Tab-delimited format

This is an example of a file that the application will accept as a correctly formatted "Tab-delimited " file type (only the first 20 lines of the file are shown), as output by the program RMAExpress:


Tab-delimited Format.png


Any number of comment lines, each one starting with a # or a !, can precede the actual array data (however, no empty lines are allowed before, after or between comment lines). All comment lines will be ignored during file parsing. The beginning of the actual data is marked by the first row that does not begin with a # or a ! character. This row is expected to have N+1 tab-separated column names. The first column name can be any character (in the example above it has the value "ID"). The first column name cannot be left blank or be occupied with a white space (for example, a header cannot start with "\t").  The remaining N entries are assumed to be the names of the microarrays comprising the microarray set (in the example above the microarray names are "alpha_factor_release sample013", "alpha_factor_release_sample014" and "alpha_factor_release_sample015").

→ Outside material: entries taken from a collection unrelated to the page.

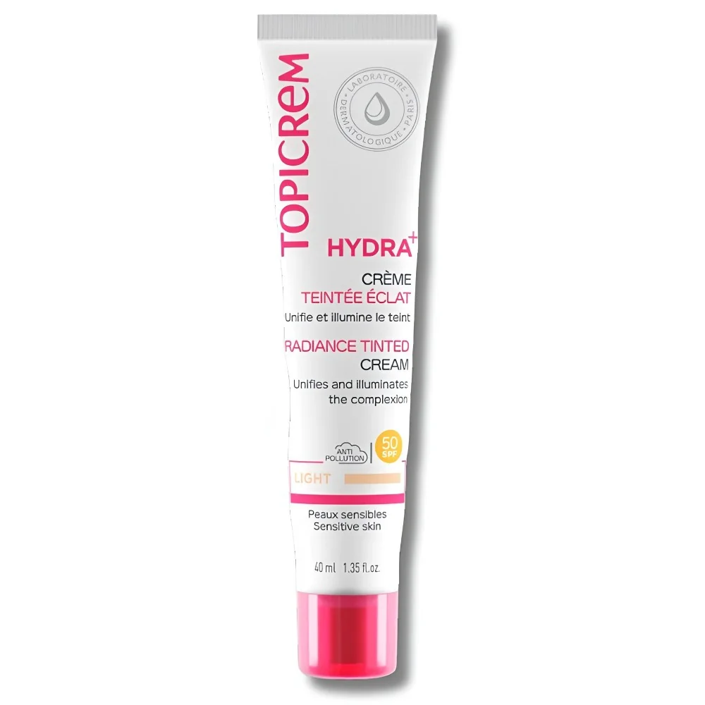 HYDRA+ Crème Teintée Éclat est un soin visage 3-en-1 conçu pour les peaux sensibles. Elle combine hydratation intense, haute protection et correction du teint. Enrichie en glycérine et en eau bio-active (bétaïne, inositol, taurine), cette crème teintée hydrate la peau pendant 24 heures, tout en unifiant le teint et en ravivant l’éclat naturel.
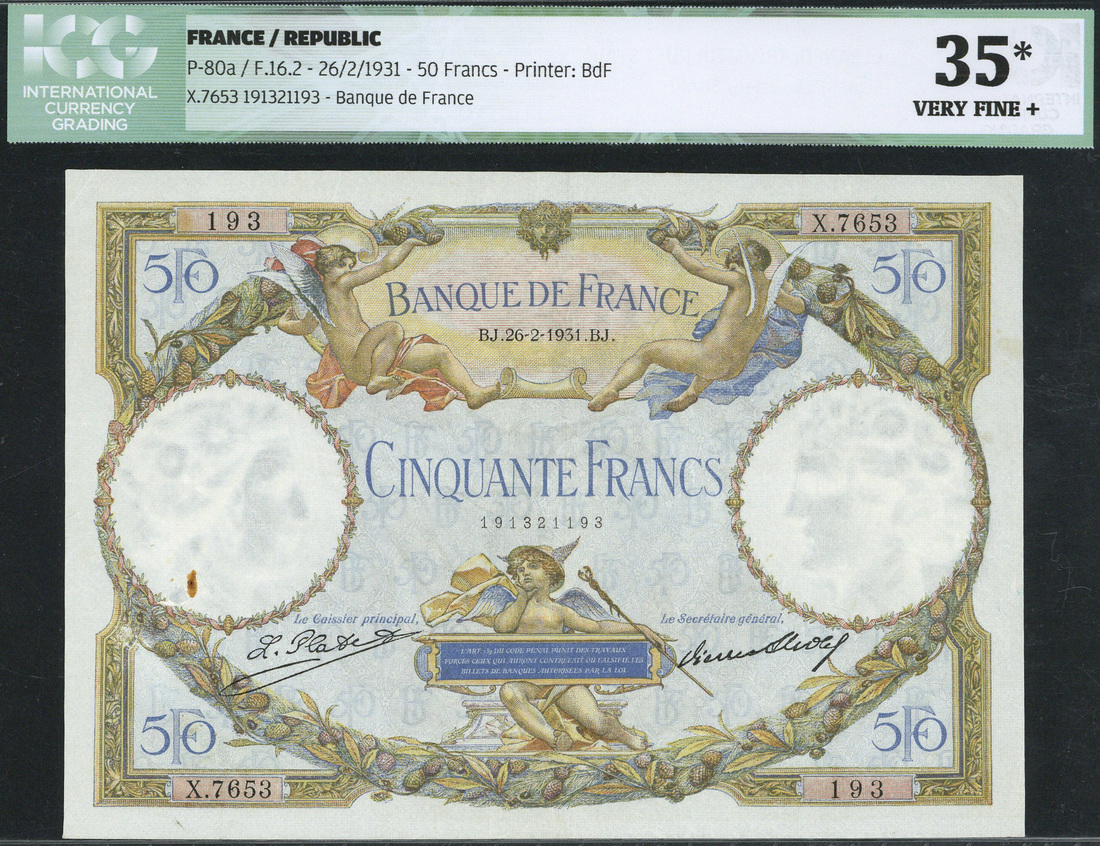 Banque de France, 50 francs, 24 November 1931, serial number X.7653 193, multicolour, Mercury at low centre, cherubs at top left and right, value at each corner
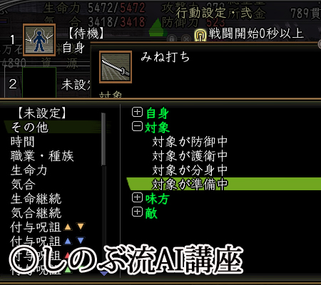 準備中の敵が居る場合、峰打ちで止めにかかるという行動になりますね。
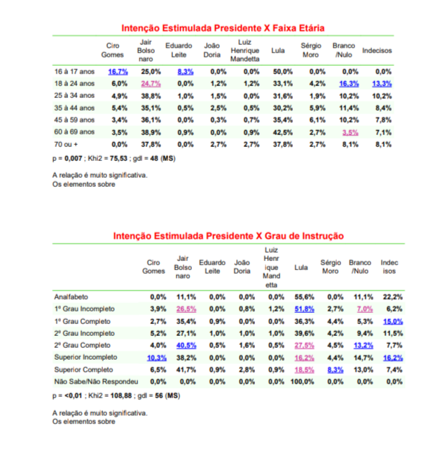 Nos dados quantitativos por segmento, o líder petista registra maiores índices entre os jovens de 16 a 17 anos (50%) e eleitores com 60 ou mais (42,8%). Em grau de instrução, Lula apresenta major porcentagem de apoio entre eleitores com Ensino Fundamental incompleto com 51,8% enquanto Bolsonaro apresenta major índice entre eleitores com Ensino Superior Completo com 41,7%.
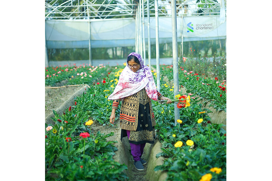 Standard Chartered Bangladesh and Khulna Mukti Seba Sangstha (KMSS) have partnered to support Jashore’s female farmers in entrepreneurial progress to cultivate high-value flower crops.
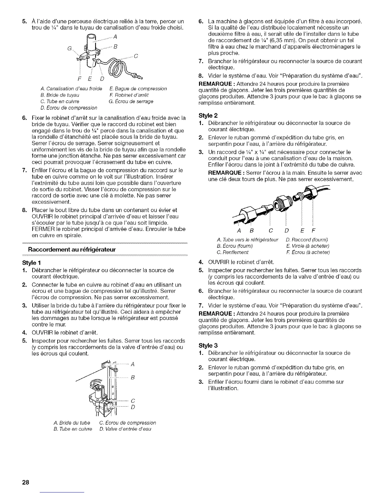 A. Tube vers le r_frig_rateur D. Raccord (fourni)
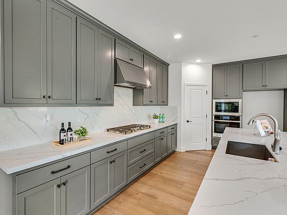 * Fully upgraded kitchen, highlighted by a dramatic waterfall island, premium soft-close cabinetry, stainless steel appliances, and a 5-burner cooktop.

Subsequent lines contain the actual data. Each line corresponds to a single marker and consits of N+1 tab-separated entries. The first entry is the marker name (a string). The remaining N entries are real numbers providing the expression level of the marker at each of the microarrays in the set. A missing value or a non-real value results at a measurement being marked as "missing".


Notes

  1. This simple tab-delimited format just contains array and marker names and the expression data. It does not contain any annotation, nor does it support any groupings of arrays.
  2. This format only supports a single value per marker per array. A second, confidence value is not supported.
  3. Some microarray platforms can include multiple markers/probesets for some or many of the genes represented. If a data file contains e.g. gene symbols rather than individual marker names in the first column, any resulting duplicate appearance of such a label will prevent the file from being read in to geWorkbench.

GenePix Format

Each GenePix file contains data for a differential expression experiment involving a single microarray. A detailed description of the GenePix .gpr format can be found at the manufacturer's site.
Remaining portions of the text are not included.